I have many sentences like,

  1. Can I pay with PayPal?
  2. Can I pay with VIsa?

My entity name is payment_channels, It is possible to write one sentence for many same sentences only entity name is changed?

Yeah you can do that


I need some tips for NER_CRF. I have 1000 sentences and and a list of entities. I want to use them for training my NER since intent classification works so far good. The way of going would be now to use the sentences and list of entities with chatito to get training data. But you need to take care of the right balances of different sentences structures. It would be not so good to throw all sentences in training data duplicated with other entity values, right? Then arises the problem that you need to find all different sentcence structures/types (manually) and take only one of each and use it with different entity values. So you get let’s say 20 sentences of each type just with different entities.

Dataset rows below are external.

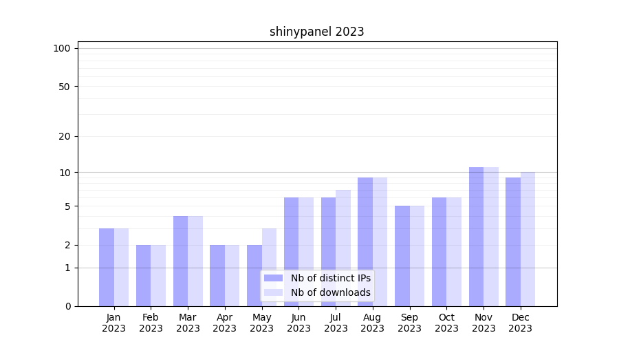 Number of downloads for annotation package shinypanel, year by year, from 2025 back to 2014 (years with no downloads are omitted):
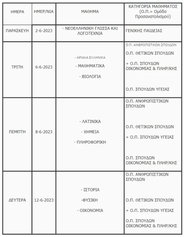 Ακολουθεί το αναλυτικό πρόγραμμα των Πανελλήνιων Εξετάσεων 2023:
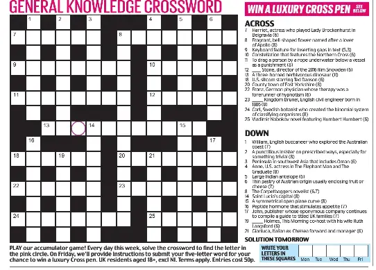 Best for Puzzles guide to general knowledge crossword puzzle sites A new Chambers Online General Knowledge Crossword is posted around the middle of each month. A faily easy general knowledge crossword. You can do today's Quizword in two ways. Either fill in the grid online or print it out and fill it in with a pen.
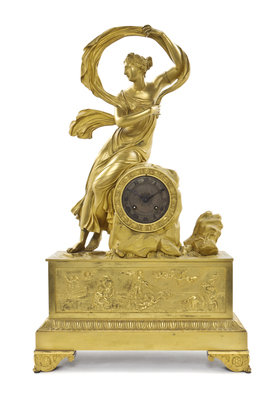 surmounted by a robed maiden, having a circular dial with Roman numeral hours surrounded by seashell motifs, all above a frieze depicting gods and goddesses raised on scroll and acanthus feet, with time and strike movement.

Would this be the right strategy?

Since this is manual labour. I thought you can do simple document classification like topic modelling to filter all different sentences structures. Such that I have maybe 50 different structures out of my 1000 examples. Those 50 I can use to sample with entities…

:grinning: @akelad

It is really difficult to train NER_CRF. I experience that often you need both surrounding words in training data such that it will be recognised. I use the ngram features but it generalizes though very badly.

I found the following results:

The feature low for NER_CRF is very bad because then just it pays too much attention to seen entities. Removing it increases results drastically.

I have many sentences with surrounding words of entity but also trained typical sentences where entity is at the end of sentence. But in testing, the entities at end of sentence are rarely reconized!

It is really difficult to see why this happens. But I think I have to oversample those sentences with entity at the end maybe?